Where's the Dating Writer?

By Rachel Sarah

"When I get lonely these days, I think: So be lonely, Liz," Gilbert writes in Eat, Pray, Love. "Learn your way around loneliness. Make a map of it. Sit with it, for once in your life. Welcome to the human experience. But never again use another person's body or emotions as a scratching post for your own unfulfilled life."

Let's be honest here: it's not easy to sit with your loneliness. At least for me, it's not. After moving out of the Israeli's house, it was agonizing to sit with my loneliness day after day. That's when I found this 40-something Jewish vet -- or, I should say, he found me -- to be my scratching post. My sex life with the Israeli had been, well, sex-less for months and now my phone was ringing.

The first time we kissed, it was six hours after an earthquake -- a 4.2 which shook the bed and I dove for Mae. I was like fizzy soda the rest of the day, exposed and on edge. When I saw him that evening, he gave me a book of Neruda love poems. He held my hand as we took a sweaty walk through the fog.

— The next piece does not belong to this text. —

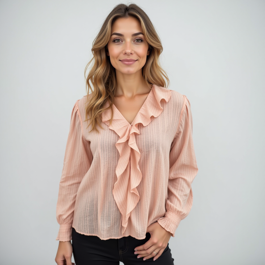 The Maria Blouse brings a playful touch to your wardrobe with its charming ruffle collar cascading down the front. Available in soft blush or creamy tones, this blouse features long sleeves finished with flirty ruffle bell cuffs, perfect for adding a little twirl to your day.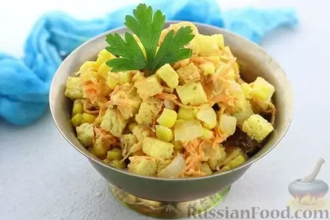 Также среди фаворитов — салат с колбасой, консервированными горошком и кукурузой. Он готовится за считанные минуты и станет отличным вариантом для быстрого перекуса.

He told me, "You're so sexy." And the sex, or little we had of it, made the floor below me and ceiling above me fuse together. In other words, I forgot about the fact that I was so fresh from this recent break-up that I let myself go. I was vulnerable. I forgot that this nice Jewish vet and I had only known each other for a few weeks.

So, after our little tryst (sorry, that word sounds so Jane Austen), I didn't hear from him again. Classic, right? I felt like I'd been used as his scratching post.

When I asked him on the phone to come clean, he told me, "My heart is not open to you."

Well, my heart felt like it had been left in the hot sand to burn. Clearly, I wasn't ready to date.

Of course, he asked me not to write about him. Actually, he didn't ask me. He told me. But I'm writing about me here -- and the fact that clearly, this girl is still healing.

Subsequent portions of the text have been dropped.